INSTRUCTIONS FOR THE TASK = In the material below, find the line with "Differential binding affinity" and the line with "Culoare: maro închis", then output those two lines and every line between them, exactly.

DATA TO PROCESS =
_ _ _ _ _
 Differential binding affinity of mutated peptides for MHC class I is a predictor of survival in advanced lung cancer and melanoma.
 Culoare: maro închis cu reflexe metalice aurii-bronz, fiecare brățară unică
_ _ _ _ _
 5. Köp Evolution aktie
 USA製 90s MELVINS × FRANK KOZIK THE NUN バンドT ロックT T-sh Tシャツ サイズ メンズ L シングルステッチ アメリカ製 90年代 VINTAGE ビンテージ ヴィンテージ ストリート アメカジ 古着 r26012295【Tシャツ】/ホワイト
_ _ _ _ _
ANSWER BELOW =
 Differential binding affinity of mutated peptides for MHC class I is a predictor of survival in advanced lung cancer and melanoma.
 Culoare: maro închis cu reflexe metalice aurii-bronz, fiecare brățară unică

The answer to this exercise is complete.